On Tuesday, December 7, 2021, we took all Planning Center applications offline in response to a multi-service outage in Amazon Web Services (AWS) Northern Virginia region.
We know this outage caused a big disruption to your day and we don't take bringing down any of our products lightly, let alone the entire suite. We want to provide you with more context about what happened and why.
When you connect to a Planning Center product from your computer, phone, or tablet, you're connecting to our systems in AWS data centers in Northern Virginia. Our products span multiple data centers within that area to ensure that issues in a single data center do not cause a service disruption. Unfortunately, AWS issues last Tuesday were region-wide and lasted several hours, which disrupted all of our data centers.

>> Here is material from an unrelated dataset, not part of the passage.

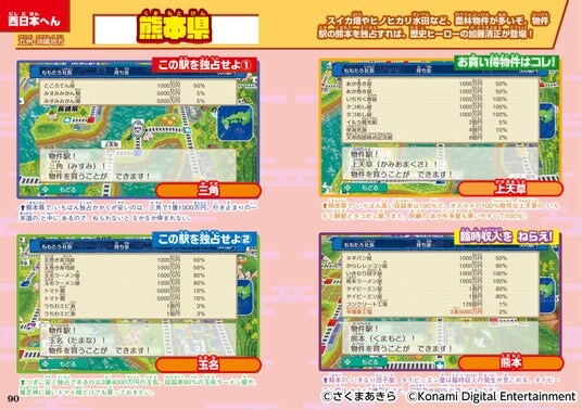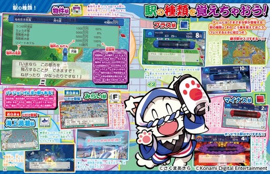 ゲームで重要な各種「駅」の説明や、勝負で重要な要素「カード」「歴史ヒーロー」「名産怪獣」をピックアップして解説、貧乏神がどんなことをしてくるのか、勝つための大事なテクニックの紹介など、ゲームのプレイに役立つ情報が満載です。

We use AWS's Simple Notification Service (SNS) as the plumbing for internal messaging between products and send hundreds of requests per second to the service. At around 7:30 AM Pacific, over 90% of our requests to SNS began to fail. When an event was updated in Registrations, Check-Ins wasn't getting the memo. When events were made in Registrations and Groups, Calendar had no idea about the party. This caused concern for data consistency issues where one product would never receive data from the other, so at 8:15 AM Pacific, we took all products offline.
After going offline, our inability to interact with AWS services in the region extended to several other services that we rely on and despite our persistent attempts, we weren't able to bring our applications back online until 3:15pm Pacific, followed by a full recovery at 5:00pm Pacific when all data was verified to be back in sync.
Know that we'll do everything we can to learn from this, improve our resiliency, and continue building reliable and highly-available products.